» **Data to process**
________________________
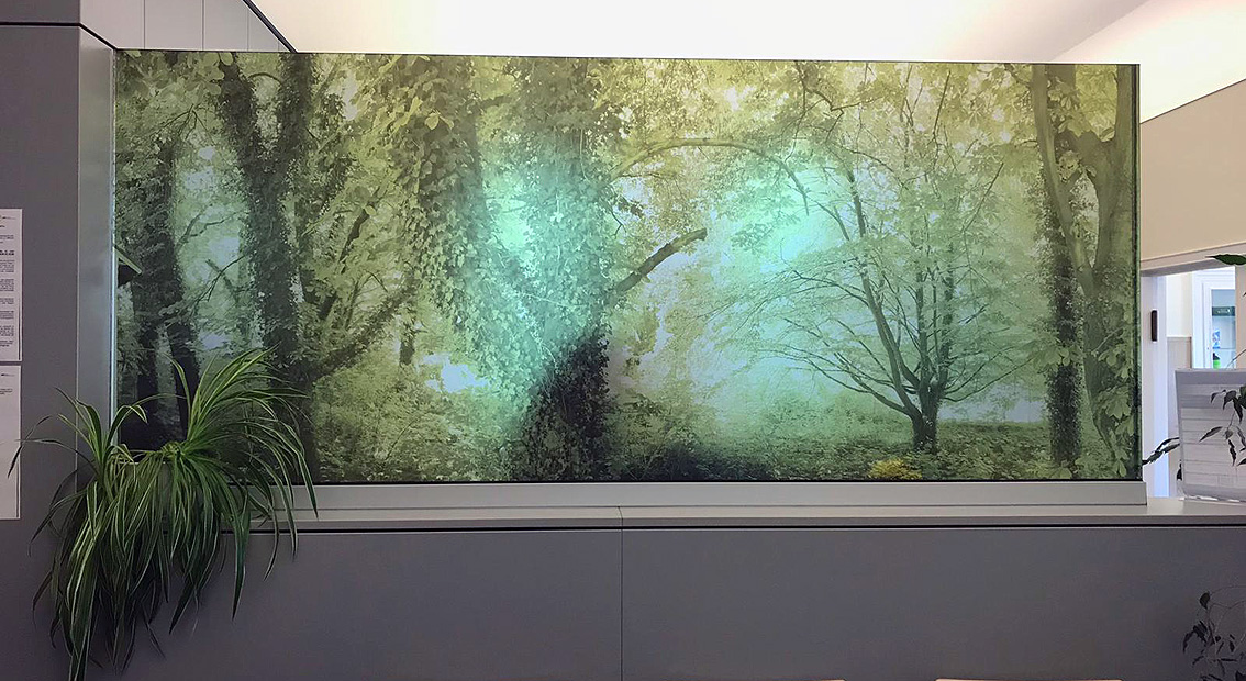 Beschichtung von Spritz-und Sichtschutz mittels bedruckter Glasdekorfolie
________________________
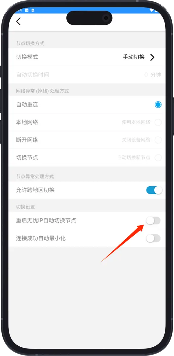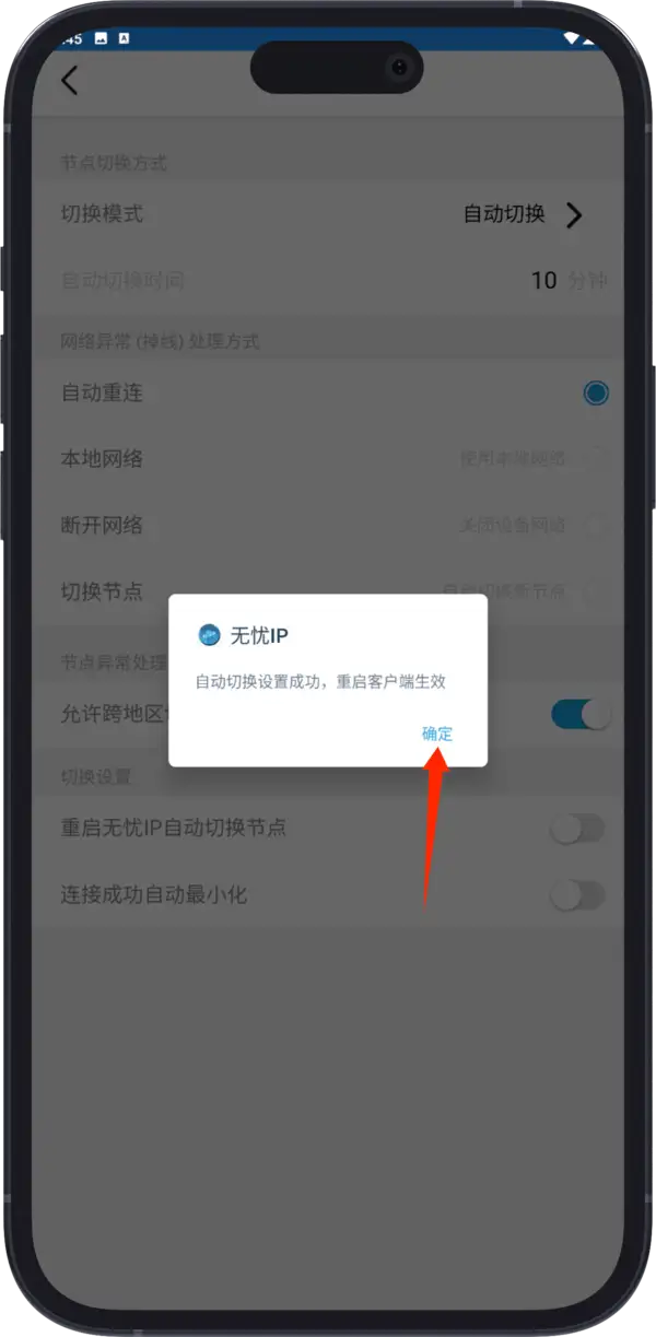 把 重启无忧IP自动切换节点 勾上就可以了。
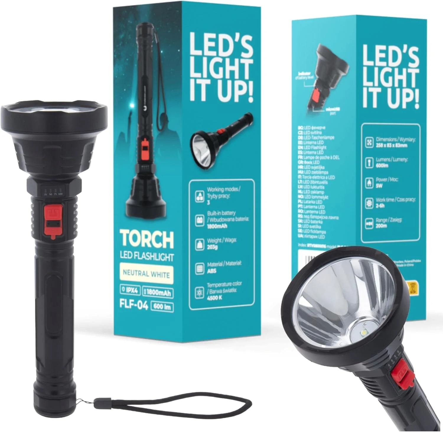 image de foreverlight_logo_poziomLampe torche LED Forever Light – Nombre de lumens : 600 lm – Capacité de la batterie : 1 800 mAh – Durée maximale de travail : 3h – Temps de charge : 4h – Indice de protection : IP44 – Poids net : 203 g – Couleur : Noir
________________________
» **Your instructions**
Write back the stretch of lines above that begins with the line holding "把 重启无忧IP自动切换节点 勾上就可以了。" and ends with the line holding "image de foreverlight_logo_poziomLampe", both included, exactly as written. Pictures stay out.

» **Written answer**
 把 重启无忧IP自动切换节点 勾上就可以了。
 image de foreverlight_logo_poziomLampe torche LED Forever Light – Nombre de lumens : 600 lm – Capacité de la batterie : 1 800 mAh – Durée maximale de travail : 3h – Temps de charge : 4h – Indice de protection : IP44 – Poids net : 203 g – Couleur : Noir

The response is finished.